Life is a progression. You could never stop it with the taxes. How about a Tax-free Fixed Deposit?
Is there a Future in Fixed Deposits?
Investment is the core of the future. Turn your investments into your weapons using Fixed Deposits (FD). FDs are offered not only by banks but also the non-banking financial companies. FDs work for a fixed period. We invest money for a specific period or tenure. When the maturity has been reached, we get back the sum invested with higher interests; the interest rates here are much greater than in a savings account.
Fixed Deposit Deposits also have various names in various countries. However, it is called a term deposit in multiple countries – countries like Canada, Australia, and New Zealand. It works the same as Fixed Deposit, just like the one in India and the United States, which is again similar to the term bond or as it is called in the United Kingdom.
Depending on the bank and economic status, the interest rates are fixed. Some banks require us to create a separate account. The interest rates may vary from 3 to 8 percent (subject to change based on the bank and country). The tenure varies from days to years.
However, we can choose the period and amount to be invested from the options that are available – it will usually range from 7 days to 10 years. As the name says, the money cannot be withdrawn or removed from the account for a fixed period that was predetermined by you.
After the period ends, you will receive the amount as a lump sum which includes the investment and interest given by the bank.
There are many features of a fixed deposit. But, before we dive right into that – you need to know that you must spend money wisely. Let your cash rotate around investments when the world revolves around money.
Let the investments build your future. The future in Fixed Deposits is as safe as a good savings plan.
Note: Please always consult your financial advisor before making any financial decision.
Wondering If Fixed Deposits Are Taxable In India?
According to the Income Tax Act – of 1961, interest on Fixed Deposits is also treated as income from other sources, and hence, it is fully taxable. So, if this is what you were thinking about all along, you can be sure of it now.
But there is the perk of Form 15G and Form 15H – for some tax benefits, which we will talk about later in this article.
The taxes are based on our gross annual income. Similarly, the Fixed Deposit interest earnings are included in our gross yearly income, and the tax liability is estimated, following the prevailing tax laws.
How to check If we are liable to pay Tax on our Fixed Deposit?
Taxes and Conditions change frequently based on our economic conditions and the working of the banks. Always have a PAN account before having a bank account, as it serves as proof and saves us from heavy taxes. However, from April 2019 onwards, if the interest on Fixed Deposit is more than 40,000 rupees, then the PAN users would be liable to pay supposedly 10% tax, and non-PAN users would be responsible for paying 20% tax on the total interest earned.
This interest would be deducted as TDS (Tax deducted at source) at the time of credit of annual interest. The upper limit of 40,000 rupees is not applicable on aggregate earnings but is for the individual Fixed Deposits.
How does Tax Deducted At Source (TDS) on Fixed Deposit work?

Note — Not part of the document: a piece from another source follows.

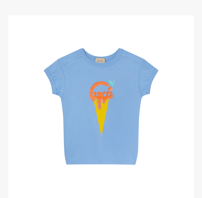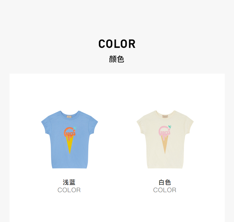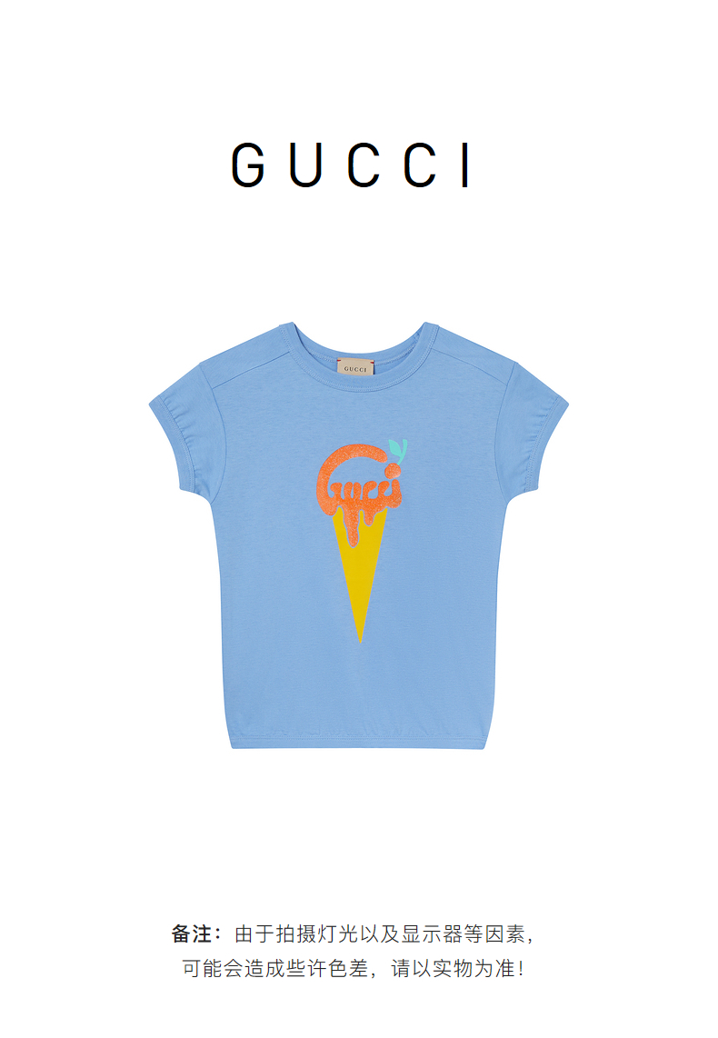 GUCCI 古驰 女童象牙白棉质GGlogo圆领短袖T恤 718008XJE39

The Tax on Fixed Deposit Interest is deducted as Tax Deducted at Source (TDS) at the time of annual interest credit. The bank will automatically charge TDS (Tax Deducted at Source) on the interest earned on your Fixed Deposit in a given year. To distribute the burden of tax payment – the Tax is imposed every year on the interest earned. The issuer deducts the TDS (Tax Deducted at Source) when a claim is made but not when the appeal is received.

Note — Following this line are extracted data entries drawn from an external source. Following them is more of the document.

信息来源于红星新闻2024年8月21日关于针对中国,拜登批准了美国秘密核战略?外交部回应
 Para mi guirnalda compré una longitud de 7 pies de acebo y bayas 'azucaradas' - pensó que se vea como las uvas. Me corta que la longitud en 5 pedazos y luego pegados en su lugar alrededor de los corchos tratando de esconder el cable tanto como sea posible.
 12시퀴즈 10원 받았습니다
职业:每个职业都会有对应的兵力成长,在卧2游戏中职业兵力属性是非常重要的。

However, the total Tax on FD is calculated according to the income tax slab of that particular year.
Can You Avoid Taxes on your FD?
Tax is collected for the welfare of our society. But the Tax is not imposed as a burden on the society. Still, it could become exhaustive and tiresome sometimes; that’s why you can use some perks along the way.

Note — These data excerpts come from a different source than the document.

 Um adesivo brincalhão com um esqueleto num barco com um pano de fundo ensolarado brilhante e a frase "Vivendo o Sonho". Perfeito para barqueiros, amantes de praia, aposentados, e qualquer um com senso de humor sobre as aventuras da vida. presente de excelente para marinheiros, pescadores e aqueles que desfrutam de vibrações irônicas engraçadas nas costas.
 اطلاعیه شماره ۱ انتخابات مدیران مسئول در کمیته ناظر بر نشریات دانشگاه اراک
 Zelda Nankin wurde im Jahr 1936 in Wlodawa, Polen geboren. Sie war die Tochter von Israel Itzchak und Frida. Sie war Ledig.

- Tax Deducted at Source (TDS) applies to all the interest income earned in India, including the Fixed Deposits. In every financial year – if the income that is earned by a person through interest exceeds 10,000 rupees, the applicant or the account holder will have to pay the Tax, and it is mandatory. However – if the interest earned is less than Rs. 10,000, the account holder will not have to pay any tax.
- If the interest earned from Fixed Deposits and the total taxable income earned by a person during the financial year is not more than the prescribed taxable limit, you need to submit form 15G or 15H, which is applicable.
Differences between form 15G and 15H – Form 15G is for the public other than senior citizens, while Form 15H is for senior citizens. The applicant for form 15G must be a resident of India for 60 years or less, and their income should not be more than the prescribed tax limit. Form 15H could only be filled by an Indian resident above 60 years of age and must fall below the prescribed tax limit.
- Good Managing skills can save us from taxes by making investments so that it does not exceed 10,000 rupees in one year. For example, one could invest in a one-year Fixed Deposit in the month of October – in such a manner; that the financial year would be split into two as the financial year ends on 31st March. You can save TDS on your investment.
The Bottom Line
A person is liable to pay Tax only when the interest is above ten thousand rupees. On the contrary, the schemes and amounts can change every financial year depending on the societal income. So by avoiding the higher Fixed Deposits, we can avoid paying taxes.